Threat Level: green Handler on Duty: Johannes Ullrich

SANS ISC: Theoretical and Practical Password Entropy - SANS Internet Storm Center SANS ISC InfoSec Forums

Participate: Learn more about our honeypot network

Sign Up for Free!   Forgot Password?
Log In or Sign Up for Free!
Theoretical and Practical Password Entropy

We got a number of submissions pointing to today's XKCD cartoon [1] . I think the cartoon is great, and illustrates a nice dilemma in password security. Yes, I know passwords don't work, but we still all use them and we still have to come up with reasonable passwords.

Even if you are using a password safe tool that comes up with new random passwords for each application and website, you still need to remember the password for the password safe, and there are a few applications (e.g. logging in to your system) that can't be covered by a password safe.

The basic dilemma is that you need to come up with a password that is hard to guess for others but easy enough for you to remember. Most password policies try to enforce a hard to guess password by forcing you to extend the range of characters from which you pick (different case letters, numbers, special characters). However, in real life, this may actually reduce the space of "memorable" passwords, or the total number of possible passwords.

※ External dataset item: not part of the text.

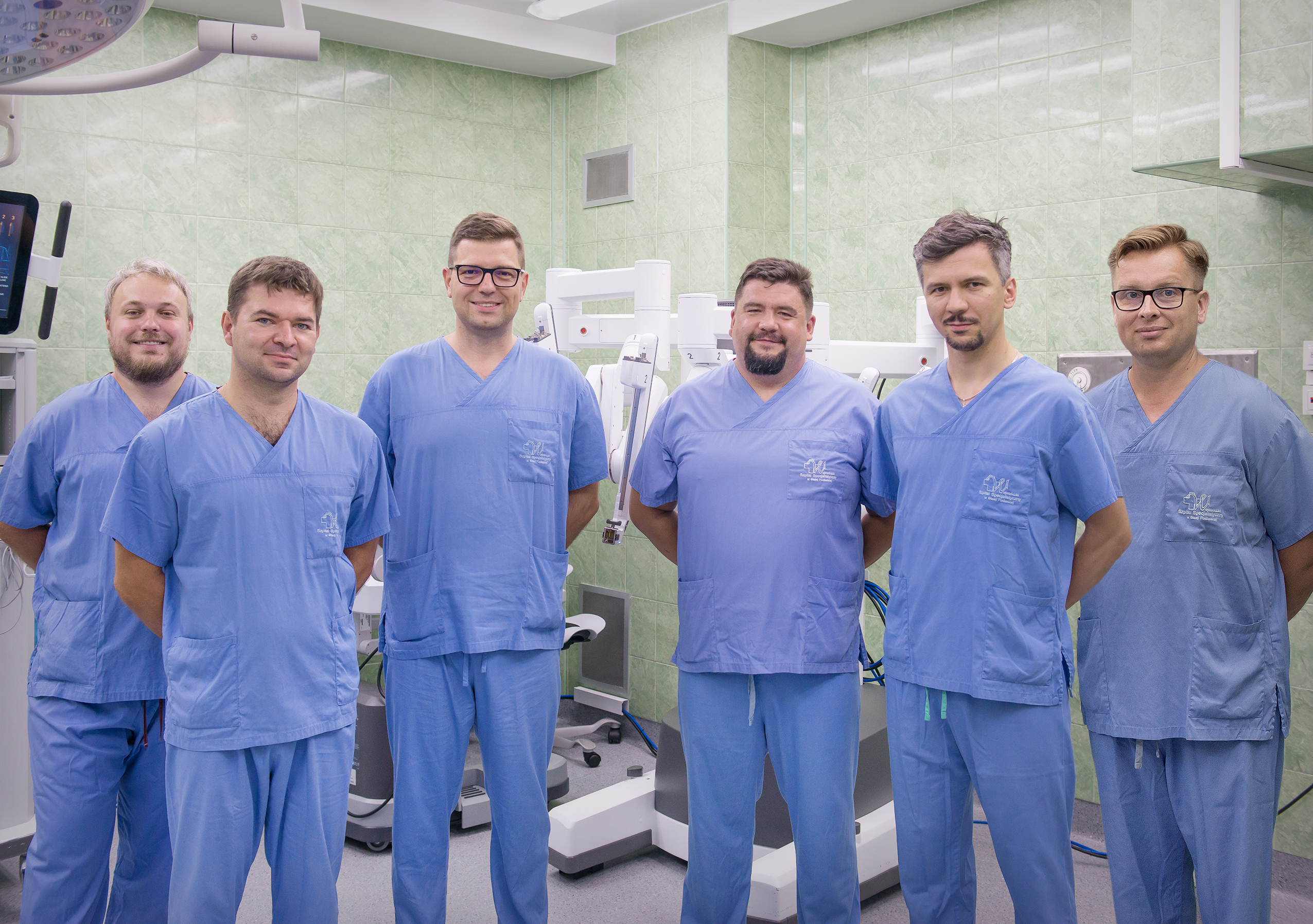 Na zdjęciu od lewej: lek. Ariel Andrzejuk – specjalista w dziedzinie ginekologii i położnictwa, lek. Filip Rozpotyński – specjalista w dziedzinie chirurgii ogólnej, w trakcie specjalizacji w dziedzinie chirurgii onkologicznej, dr n. med. Bożydar Tylus – specjalista w dziedzinie ginekologii i położnictwa, Lekarz Kierujący Oddziałem Ginekologiczno-Położniczym, lek. Kamil Kur – specjalista w dziedzinie urologii i chirurgii ogólnej, lek. Daniel Burdzy – lekarz koordynator w zakresie wdrażania i realizacji projektu – robotyka operacyjna w WSzS w Białej Podlaskiej, lek. Krzysztof Pękala – specjalista w dziedzinie urologii, Lekarz Kierujący Oddziałem Urologicznym.

Pass phrases, as suggested by the cartoon, are one solution. But once an attacker knows that you use a pass phrase, the key space is all for sudden limited again. There has been some research showing that a library of 3 word phrases pulled from wikipedia makes a decent dictionary to crack these passwords.

The qualify of a password is usually expressed in "bits of entropy". The "bits of entropy" are calculated by the number of bits it would take to represent all possible passwords. Lets look at some common schemes:

a 4 digit PIN: 10,000 possible passwords, or 13.3 bits (ln2(10,000)=13.3)
12 characters using the full 95 characters ASCII set: 5.4 10^23, or 78.8 bits. (this is the current NIST recommendation)

Pass phrases are harder to evaluate. It depends on the size of the vocabulary of the user, and of course the constraints of grammar. People will likely not choose some random words, but a phrase that makes some sense to them. One model that can be used to obtain a passphrase is called "Diceware", but it assumes random phrases from 6^5 words (7,776).If you consider Diceware's 7,776 words, you would need 6 words to arrive at the same 77.5 bits, close to strength that NIST asks for.

 What it all comes down to: How are people actually selecting passwords? People make pretty bad random number generators, in particular if you ask them to remember the result. A good password cracking algorithm takes this into account and tailors the password list based on password requirements and the targets background. For example, for web application pen testing, the simple ruby script "cewl" will create a custom password list from words it finds on the targets website. In past tests, I was easily able to double my password cracking success using this technique if compared to normal dictionaries.

In order to solve this, we need to figure out what passwords people really use. How about asking them for their password and offering them a candy bar in return :). And then there is always another XKCD cartoon for you [2]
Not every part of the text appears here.